== WORK TASK ==
Below are records with pictures. Transcribe exactly, and only, the lines from the line with "קונטר למוצרי קונדיטוריה, מיועד" to the line with "由圖4可知,未處理巖心的潤濕", both ends included, but not the pictures.

**** ENTRIES PROVIDED

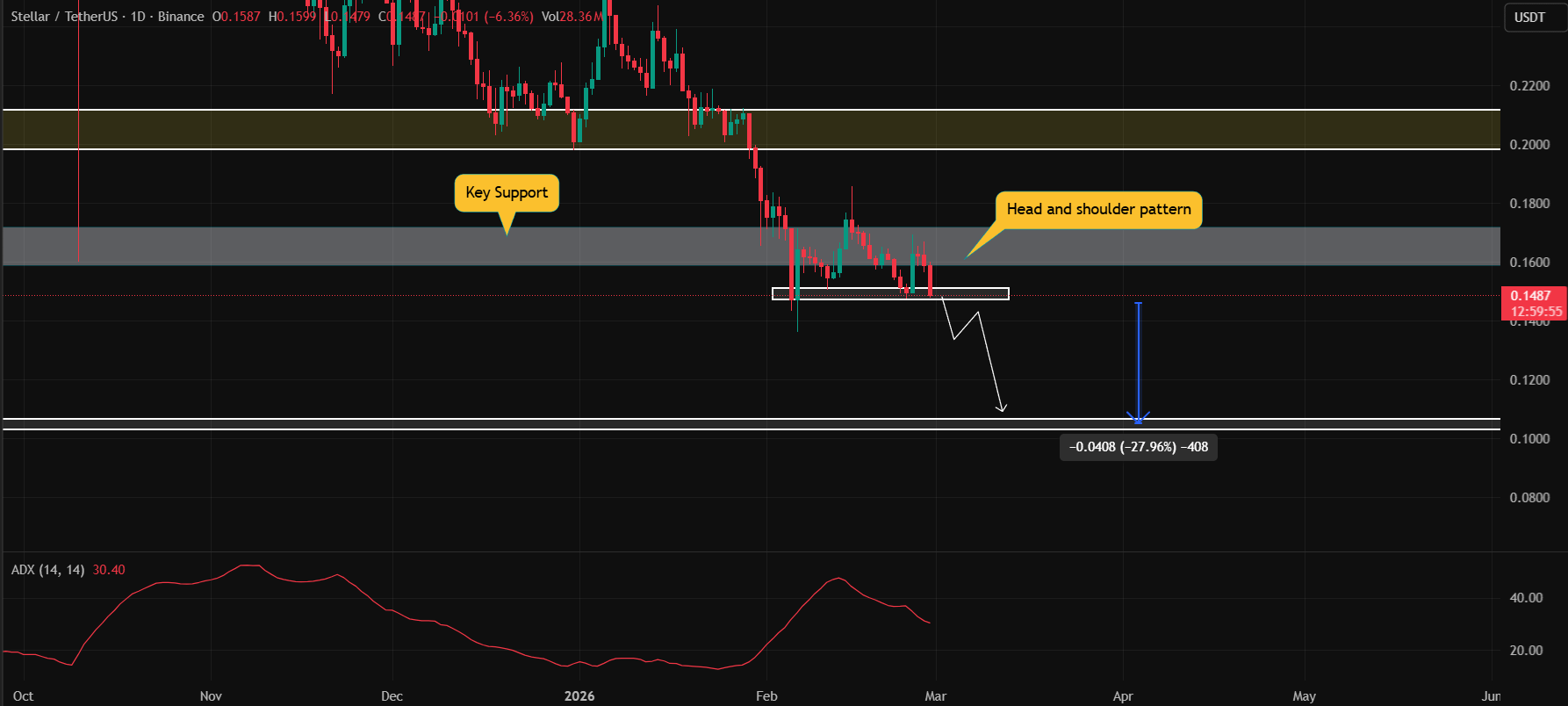 XLM đã vẽ ra một mô hình vai-đầu-vai giảm giá chuẩn sách giáo khoa sau khi đánh mất hỗ trợ quan trọng $0.158. Lằn ranh sinh tử tuyệt đối hiện tại là $0.145. Một cú đóng nến ngày dưới mức kích hoạt này sẽ xác nhận mô hình và mở ra cánh cửa sập cho một cú lao dốc tàn khốc 28% hướng tới mục tiêu $0.105.
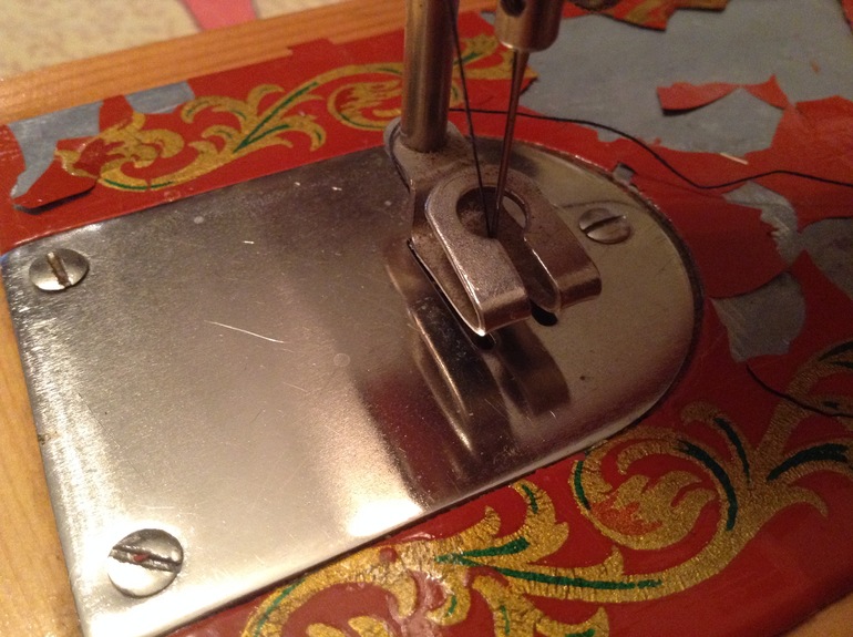 Клёвая находка ! У меня в детстве тоже была , железная крепкая , сейчас дочке купила только пластиковую , они шьют тамбурным швом , как мешки с мукой зашивают , за нитку  потянешь и всё распарывается .
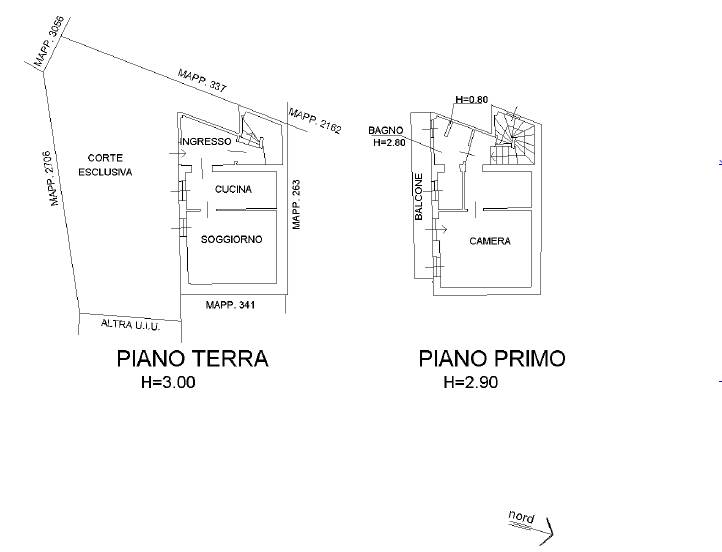 - al piano primo da: disimpegno (c.a. 7,00 mq), camera (c.a. 15,00 mq) e bagno (c.a. 5,00 mq).
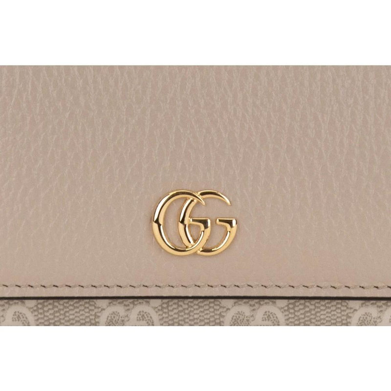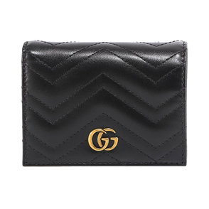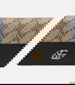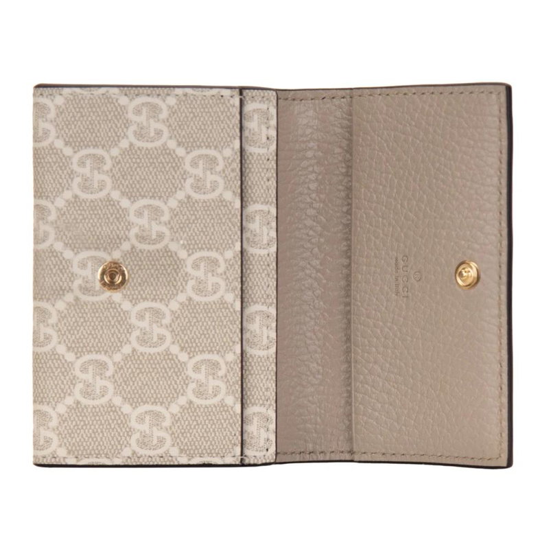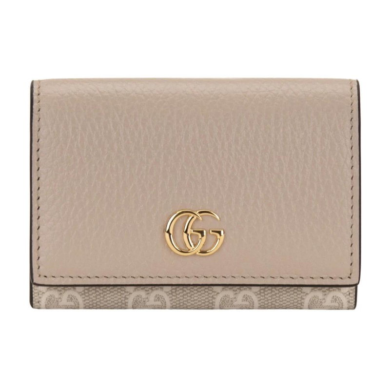 Gucci Wallet: a compact leather Wallet with a contrasting 'Gg' motif and gold-tone metal 'Gg' logo. Designed for organised everyday use, it features an external pocket and a fabric-lined double card/document slot with a snap closure. Key attributes.
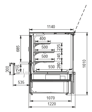 קונטר למוצרי קונדיטוריה, מיועד להצגה במעדניות עם תאורת LED ומערכת קירור דינמית.
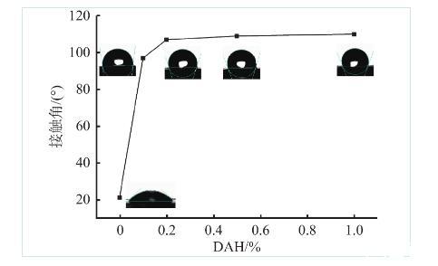 由圖4可知,未處理巖心的潤濕性為水潤濕性,蒸餾水在其表面鋪展,水相接觸角為20°,隨著DAH濃度的增大,處理后的砂巖表面接觸角逐漸增大,當DAH濃度為1%時,砂巖表面接觸角達110°,砂巖表面由親水轉(zhuǎn)變?yōu)槭杷?。上述實驗結(jié)果表明,DAH可以大幅降低水相在巖心表面的黏滯力,降低毛細管力作用,提高水相返排效率,避免水鎖損害的發(fā)生。
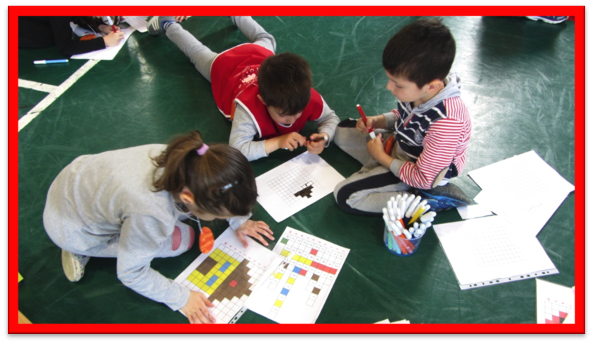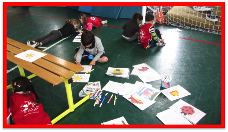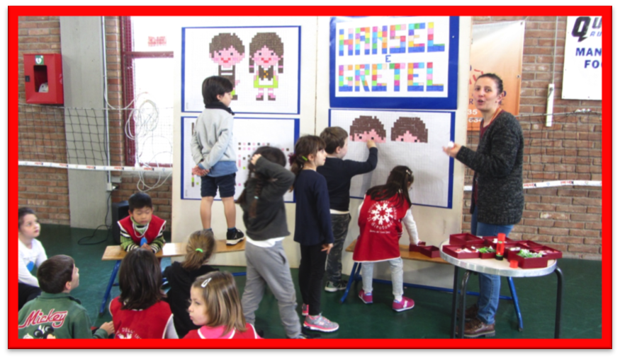 La giornata finale organizzata nella palestra è stata un’esperienza piacevole e divertente, sia per gli studenti che per i docenti che vi hanno partecipato. Gli alunni, suddivisi in gruppi misti e guidati da un insegnante di riferimento, hanno partecipato ad attività di coding unplugged: giochi psicomotori e percorsi di orientamento e lateralizzazione su tappeti quadrettati e su reticoli con frecce direzionali ed obiettivi mobili, mirati all’acquisizione dei concetti base del linguaggio di programmazione. Nelle diverse fasi dell’unità, è stata agevolata la didattica collaborativa. Lo sfondo integratore, che ha accompagnato le varie proposte iniziate in classe, è stata la fiaba di “Hansel e Gretel”. Come elaborato finale del progetto è stato invece realizzato un pannello in pixel art, con bicchieri di plastica e tovaglioli colorati, che rappresentava un elemento proprio della fiaba ed un reticolo colorato di tessere, raffigurante i due personaggi principali della storia. Ogni gruppo ha dimostrato grande spirito di collaborazione ed entusiasmo e cio’ per i docenti è stato sinonimo di successo della pratica educativa e didattica.

********

== SOLUTION ==
 קונטר למוצרי קונדיטוריה, מיועד להצגה במעדניות עם תאורת LED ומערכת קירור דינמית.
 由圖4可知,未處理巖心的潤濕性為水潤濕性,蒸餾水在其表面鋪展,水相接觸角為20°,隨著DAH濃度的增大,處理后的砂巖表面接觸角逐漸增大,當DAH濃度為1%時,砂巖表面接觸角達110°,砂巖表面由親水轉(zhuǎn)變?yōu)槭杷?。上述實驗結(jié)果表明,DAH可以大幅降低水相在巖心表面的黏滯力,降低毛細管力作用,提高水相返排效率,避免水鎖損害的發(fā)生。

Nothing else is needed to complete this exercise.